Saúde

Desinvestimento na saúde traduz-se nos indicadores negativos da OCDE

A bastonária da Ordem dos Farmacêuticos alertou para o impacto do desinvestimento na saúde. Segundo a OCDE, um em dez portugueses não compraram medicamentos por motivos financeiros.

ANTONIO COTRIM/LUSA

Autor
  • Agência Lusa

A bastonária da Ordem dos Farmacêuticos alertou para o impacto do desinvestimento na saúde, que se traduz em indicadores como os divulgados esta sexta-feira pela OCDE, segundo os quais um em dez portugueses não compraram medicamentos por motivos financeiros.

O relatório Health at a Glance 2017 da Organização para a Cooperação e Desenvolvimento Económico, divulgado sexta-feira, refere que um em cada dez portugueses não comprou medicamentos prescritos pelo médico por motivos financeiros no ano passado.
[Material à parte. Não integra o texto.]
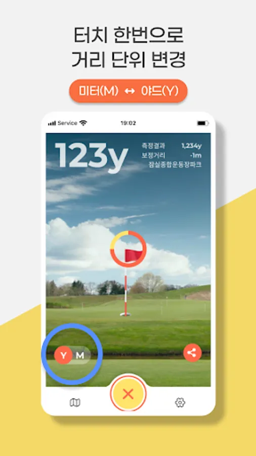 - Change distance unit: Yard (Y) ↔ Meter (M)
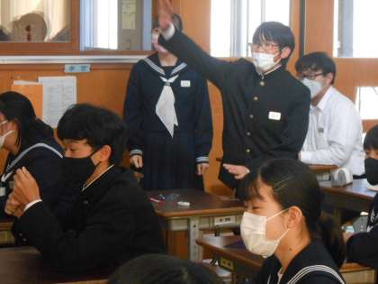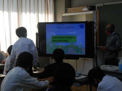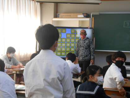 教室では、授業の後半に英語クイズで盛り上がっていました。生徒がクイズナンバーを伝えると、ALTのタイ先生が作ったピクチャーカードとその説明の英文が提示されます。その内容に関する英語での質問に答えます。チーム対戦だけに盛り上がります。
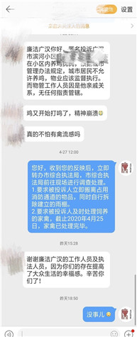 4月24日上午9时许,广汉市城市管理行政执法大队新丰中队联合和平村及滨河小区物业,前往现场进行调查处理。经查,该小区后门存在两家住户饲养家禽,根据《德阳市城市管理条例》第十三条第四款之规定,要求该两家住户及时将家禽处理完毕。至4月25日,2家住户已将全部家禽处理完毕。同时,对占用消防通道违规搭建养鸡棚,要求其立即搬离占用消防通道的物品,同时自行拆除违章建筑。经现场协调,由该小区物业协助被投诉人在5月5日前将养鸡棚拆除完毕。
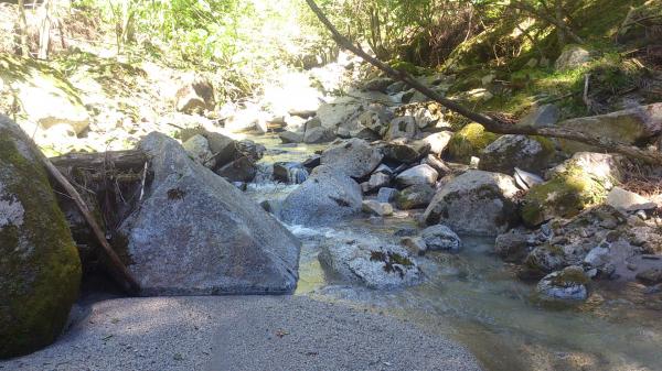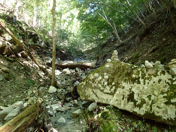 二俣を左へ進むとすぐに涸沢となり尾根を乗越して鬼石沢へ。
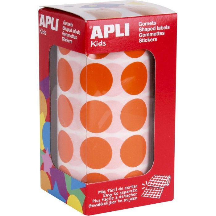 Rouleau de Gommettes Rondes - APLI - 1770 - 20 mm - Orange - Adhésif permanent
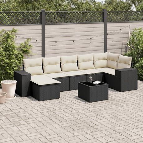 8 Piece Garden Sofa Set with Cushions Black Poly Rattan
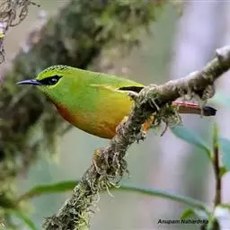 火尾绿鹛是莺科、绿鹛属小型鸟类,体长11-14厘米。上体绿色,头顶至枕具黑色鳞状斑,眼先和眼后黑色,…
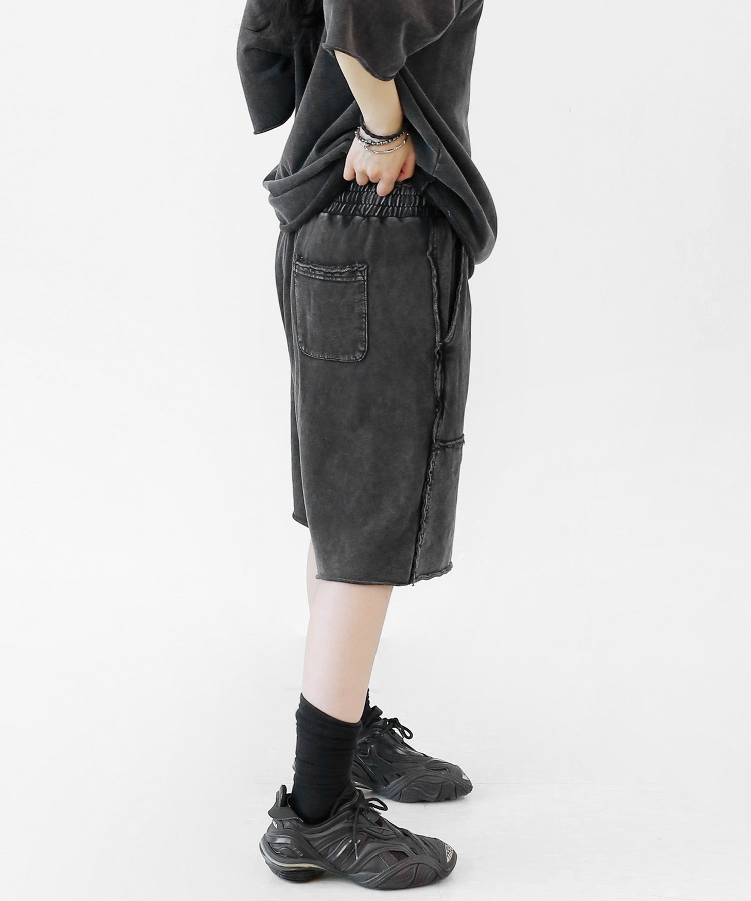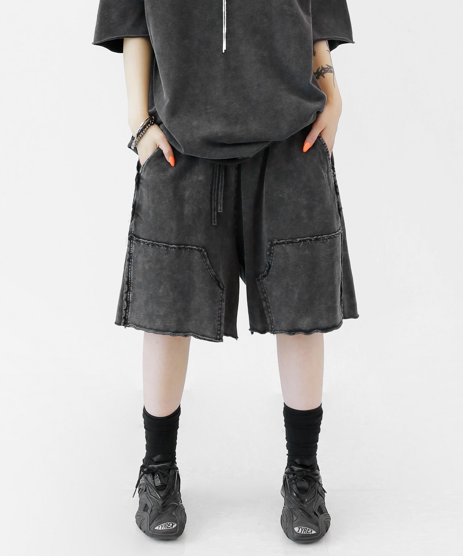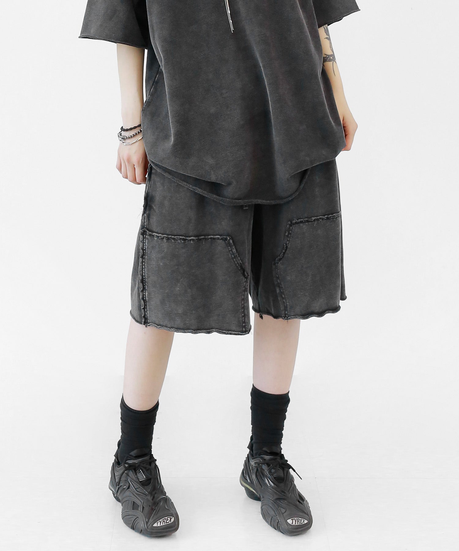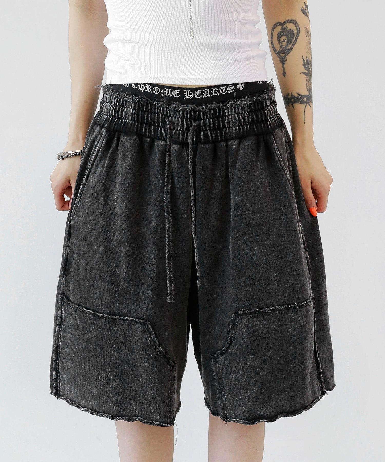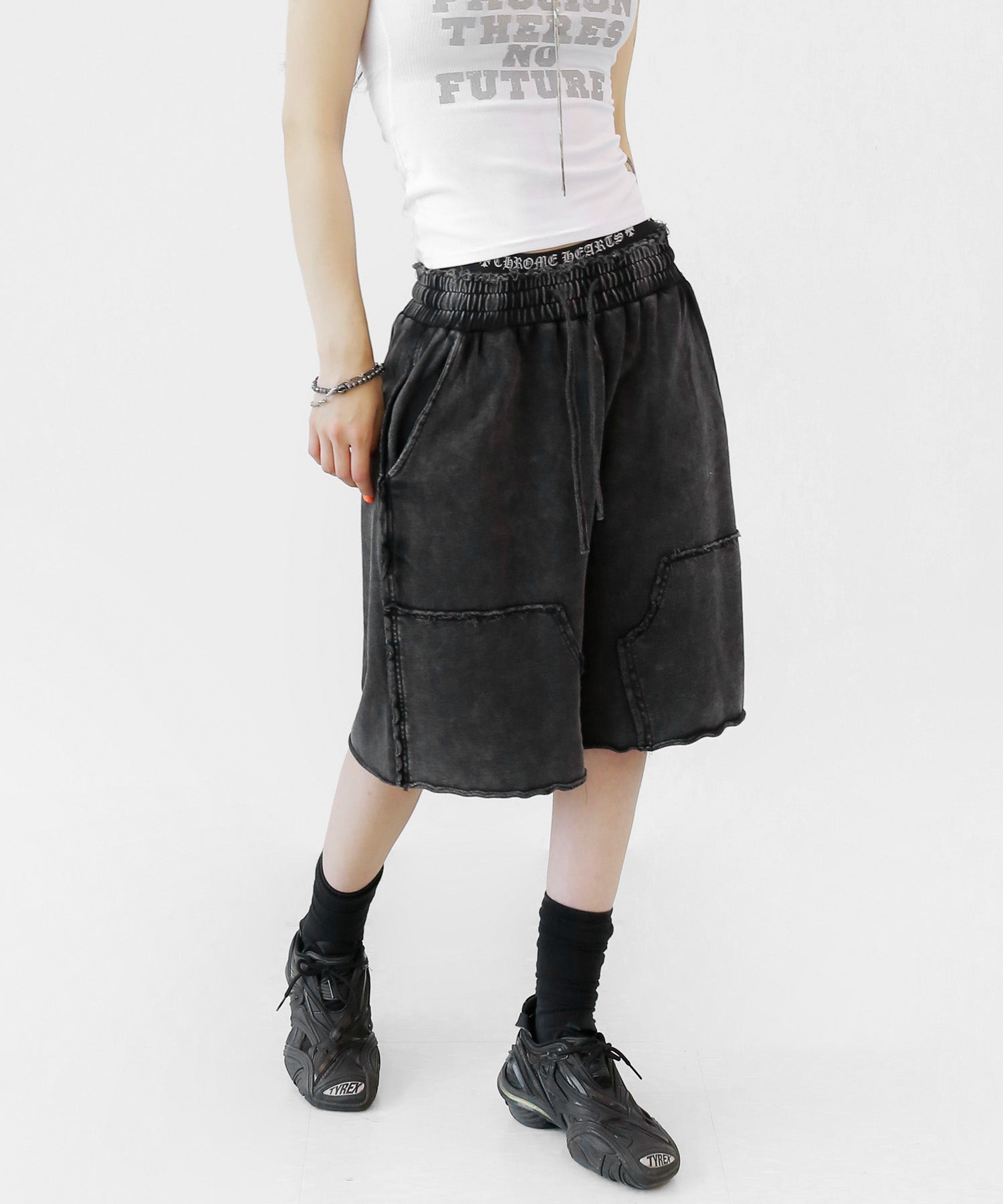 Stay cool and bold in these pigment-washed shorts.Featuring a distressed waistband, vintage fade, and easy elastic waist, they’re perfect for styling solo or as a matching set. Laid-back comfort with street-ready edge.
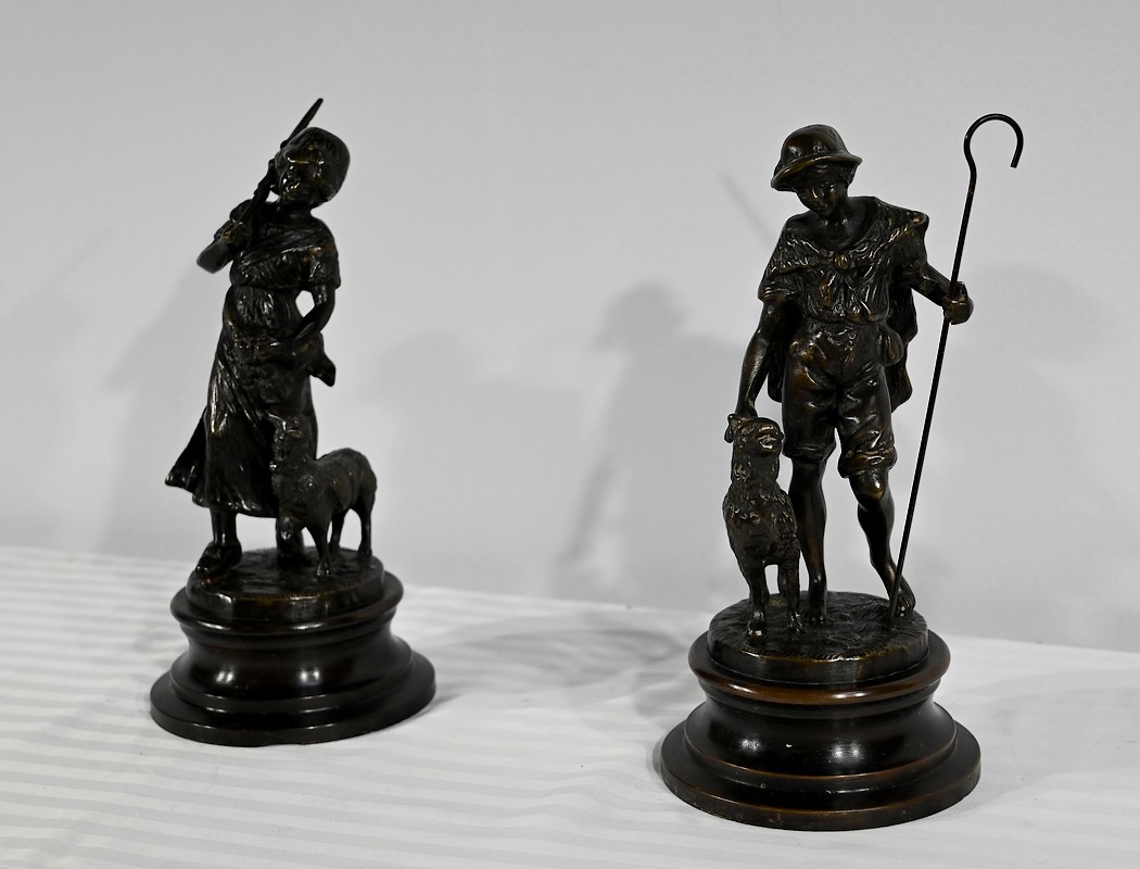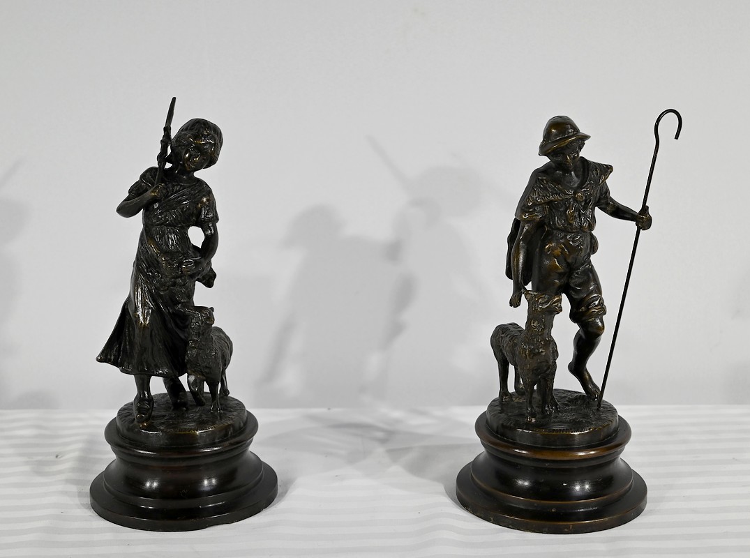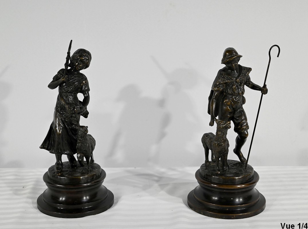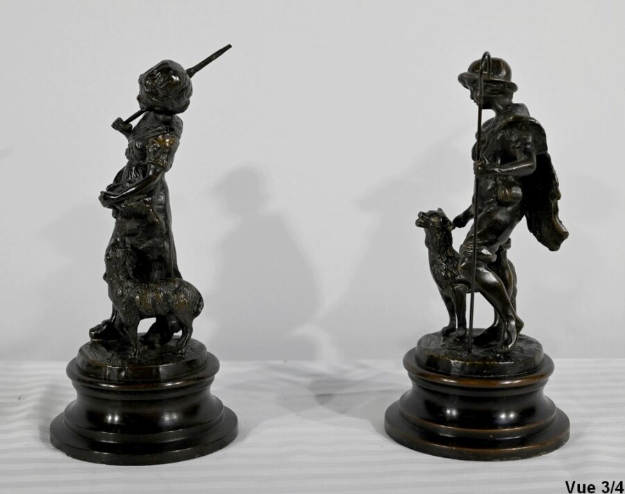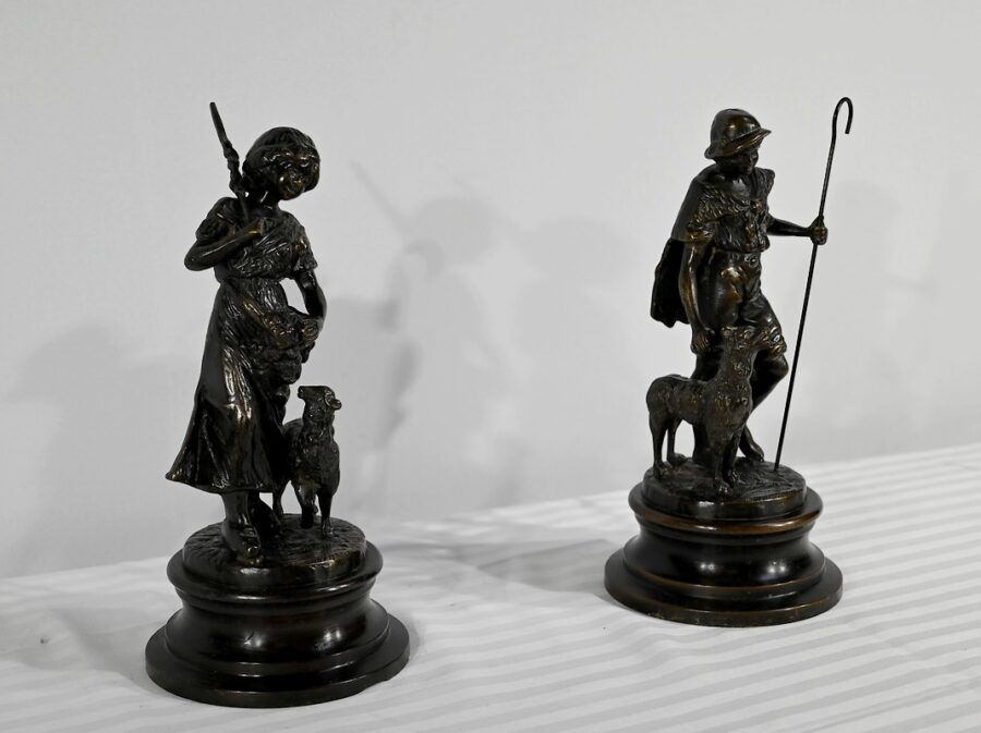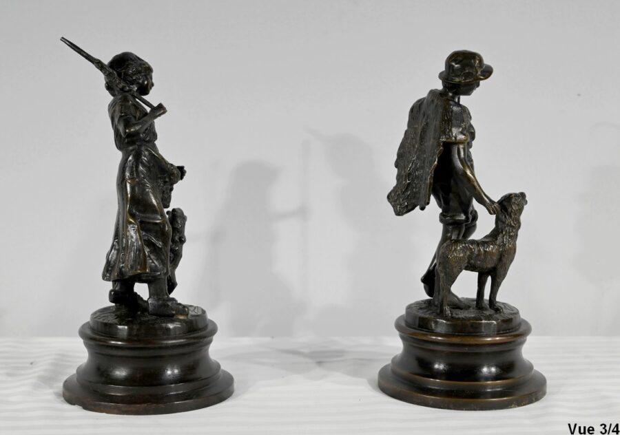 Couple de sujets en bronze à patine brune, signés Laurini sur la terrasse, d’après Louis et François Moreau. Respectivement connus sous les noms d’Auguste (1855-1919) et Hippolyte Moreau (1832-1926), ces sculpteurs français sont connus pour leurs travaux, maintes fois récompensés.
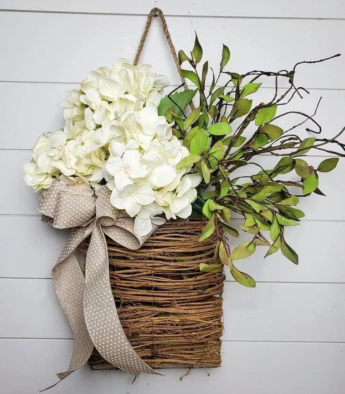- 💐✨Basket Style Wreath – Bring a touch of rustic sophistication to your home with our Cream Hydrangea Door Hanger Basket Wreath. Featuring a vintage-inspired design with wildflowers, this wreath is perfect for spring and summer decor. Ideal for weddings, parties, or everyday use, it effortlessly enhances your porch, wall, or indoor spaces.
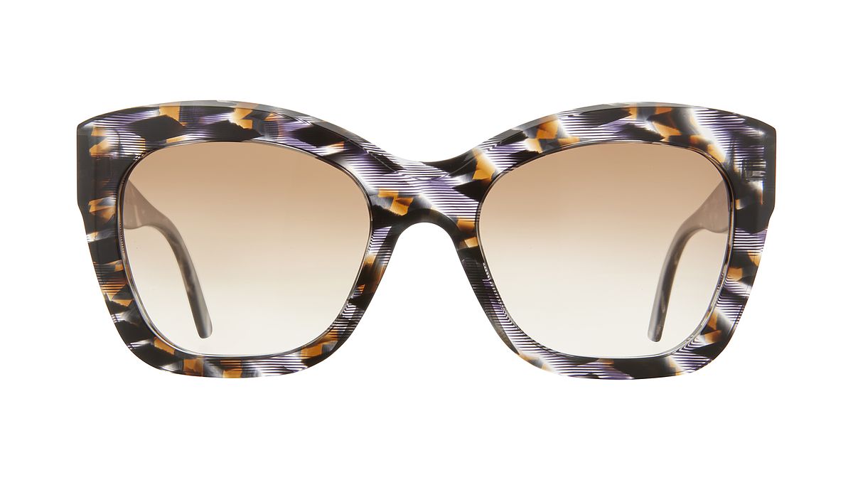 Colorear C3S - Frente y varillas de color marrón habana y transparente con elementos geométricos. Lentes marrones sombreadas.
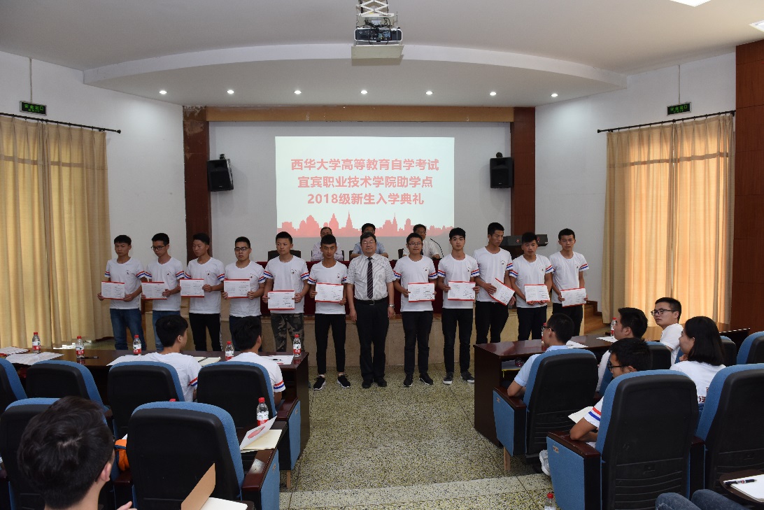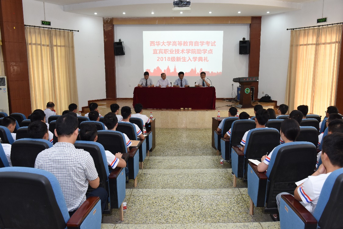 在入学典礼上,阮永生院长首先代表学院向宜宾职业技术学院的老师和2018年注册的新生表示热烈的欢迎,为同学们有追求更高目标的精神和勇气表示鼓励,他简要地介绍了西华大学的历史、学校办学条件、办学目标和办学社会效果;从自考来历、社会认可度和参加自考的重要性三个方面,详细地介绍了高等教育自学考试,并从就业、毕业后工资待遇、人事改革、考研、考职业资格证、留学、评定职称和其他等八个方面讲述自考取得本科毕业证的重要性。阮院长讲到我校继续教育长期以来贯彻“以社会需求为导向,以办学特色求发展,以办学质量树品牌”办学方针,坚持创新发展。希望同学们积极主动学习、鼓励更多的在校生能利用专科学习的业余时间,努力勤奋学习本科课程,完成本科学业。要求助学点规范教学、主办单位做好助学服务工作,愿大家在这样的平台上脚踏实地、坚持不懈,不畏工科的难度,争取早日学成毕业。李恩田主任感谢西华大学对宜宾职业技术学院一直以来的支持关心和帮助,望同学们珍惜学习机会,争取在这个自考平台的基础上,努力拼搏,向着更高更远目标前进,考上研究生。

Portugal surge acima da média dos países da OCDE nesta matéria, uma média que está nos 7,1%, e poucos países da União Europeia descritos no relatório estão na mesma situação.

Para a bastonária da Ordem dos Farmacêuticos, Ana Paula Martins, “isto é claramente um reflexo da enorme desigualdade em Portugal, porque não é só no acesso aos medicamentos que as pessoas têm dificuldades”.

“Com o grande desinvestimento no Serviço Nacional da Saúde, registado nos últimos anos, a grande instabilidade em relação aos próprios regimes de convenção e, apesar das medidas tomadas, com impactos negativos no preço dos medicamentos, os portugueses continuam a não conseguir comprar os medicamentos que, inclusive, têm dos preços mais baixos da Europa”, disse.

Segundo Ana Paula Martins, “apesar dos sinais de alguma recuperação, continuam a sentir-se os efeitos devastadores de uma crise devastadora que atingiu o setor”.

“Isto não se corrige de um dia para o outro nem de um ano para o outro”, alertou, acrescentando: “Por alguma razão somos também um dos países com maior consumo de antidepressivos”.

O relatório Health at a Glance 2017 traça uma visão geral da saúde dos 35 países da organização, mas reporta-se a alguns dados de 2016 e a vários de 2015.

Reportando-se a dados de 2015, o documento mostra que em Portugal cada habitante teve em média 4,1 consultas médicas anuais, abaixo da média da OCDE, que é de 6,9 consultas por habitante num ano.

Quanto à participação das famílias nas despesas de saúde, em Portugal subiu o número de população coberta por um seguro privado de saúde, havendo um quarto dos portugueses com seguro em 2015, quando dez anos antes era cerca de 20% da população.

As despesas diretas com saúde nas famílias portuguesas (despesas ‘out-of-pocket’) situam-se nos 3,8% do total da despesa familiar, acima da média da OCDE, que é de 3%, segundo dados de 2015.

Aliás, 28% das despesas de saúde em Portugal estavam já a cargo das famílias em 2015, acima da média da OCDE, tendo havido um aumento desta carga entre 2009 e 2015.